In recent years, Zr-based bulk amorphous alloys have received extensive attention due to their excellent amorphous forming ability and excellent thermoplastic forming ability12,13,14,15. The improvement of thermoplastic processing performances by inhibiting the crack expansion and avoiding crystallization during thermoplastic processing of Zr-based bulk amorphous alloy16,17, and sought to enhance the thermal stability of amorphous alloys by adding a small amount of rare earth elements to improve the product properties after thermoplastic processing18,19. The thermal stability, crystallization kinetics of amorphous alloys are related to thermoplastic forming ability and hot workability of bulk amorphous alloys20,21,22,23. Although there has been a lot of research work in this area, there are still many issues that are still unclear. In this paper, Zr55.7Cu22.4Ni7.2Al14.7 (at.%) alloy specimens were prepared by copper mold suction casting method. The isothermal crystallization kinetics was studied by X-ray diffraction (XRD) and differential scanning calorimetry (DSC), in order to further understand the crystallization mechanism, local Avrami exponent and crystallization activation energy of amorphous alloy. It will lay a theoretical foundation for thermoplastic processing and engineering application of bulk amorphous alloys.
Experimental
The ingots of Zr55.7Cu22.4Ni7.2Al14.7 (at.%) alloy were prepared under a Ti-gettered purified argon atmosphere in a WK-II non-consumable vacuum arc melting furnace using a mixture of high purity metals consisting of Zr (99.96 wt.%), Cu (99.98 wt.%), Ni (99.9 wt.%) and Al (99.97 wt.%). Each alloy ingot was re-melted at least four times for compositional homogeneity. Alloy ingots were re-melted and suction cast into water-cooled copper mold to obtain alloy robs with a diameter of 3 mm. The prepared specimens were characterized by XRD (D/MAX-Ultima IV, Cu-Kα radiation) with a wavelength (λ) of 1.54056 Å, and DSC (204 F1) in a high purity argon atmosphere. The specimen was heated from room temperature to 873 K at a heating rate of 20 K/min to determine its thermodynamic parameters. The isothermal crystallization kinetic parameters were obtained by heating to a series of temperature points (723 K, 733 K, 743 K, 748 K, 753 K, and 758 K) during supercooled liquid region (SLR) under a heating rate of 120 K/min and then held for an hour using DSC Q2000. The isothermal crystallization behavior and crystallization activation energy of the alloy specimens were analyzed using the Johnson–Mehl–Avrami model and the Arrhenius equation to obtain an evaluation of the thermal stability of amorphous alloy.
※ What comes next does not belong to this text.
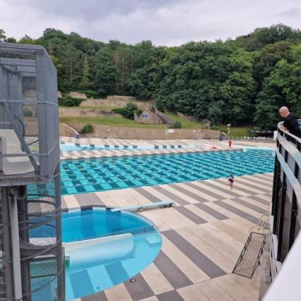 -Une piscine de 50 mètres permettant aux sportifs de haut de niveau de s’entraîner en plein air en matinée et aux familles d’en prendre possession dès 10h30 le matin en toute sécurité car la profondeur n’exède pas 1,80 mètre.
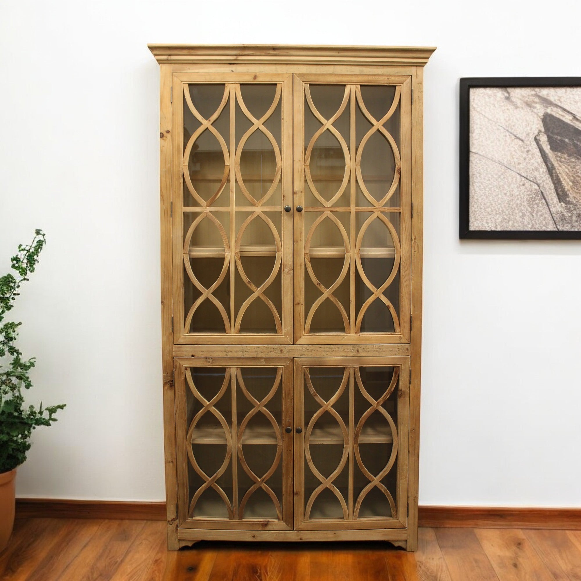 47" Natural Solid Wood Carved Geometric Accent Cabinet With Four Doors

The functional relationship between the crystallization volume fraction x(t) and the time t in isothermal crystallization process can be expressed by the Johnson–Mehl–Avrami (JMA)24 equation: \(x\left( t \right)\, = \,1 - exp\{ - [k(t - \tau )]^{n} \}\). Where \(k\, = \,k_{0} exp\left( { - E/RT} \right)\) is the reaction rate constant, E is the activation energy, k0 is the constant, R is the molar gas constant, τ is the incubation time, and n is the Avrami exponent (which can reflect the crystallization mechanism of nucleation and nucleus growth during the crystallization process). The logarithm of both sides of the JMA equation can be obtained as follows12: \(ln\left\{ { - ln\left[ {1 - x\left( t \right)} \right]} \right\}\, = \,n \, lnk\, + \,n \, ln(t - \tau )\).
Results and discussion
Identification of alloy specimen structure
Figure 1a shows XRD pattern of the prepared Zr55.7Cu22.4Ni7.2Al14.7 alloy specimen. It can be seen that the diffraction angle (2 theta) is between 32° and 42°, and there is a diffuse scattering peak without sharp crystal diffraction peak, which indicates that the structure of the alloy specimen is amorphous.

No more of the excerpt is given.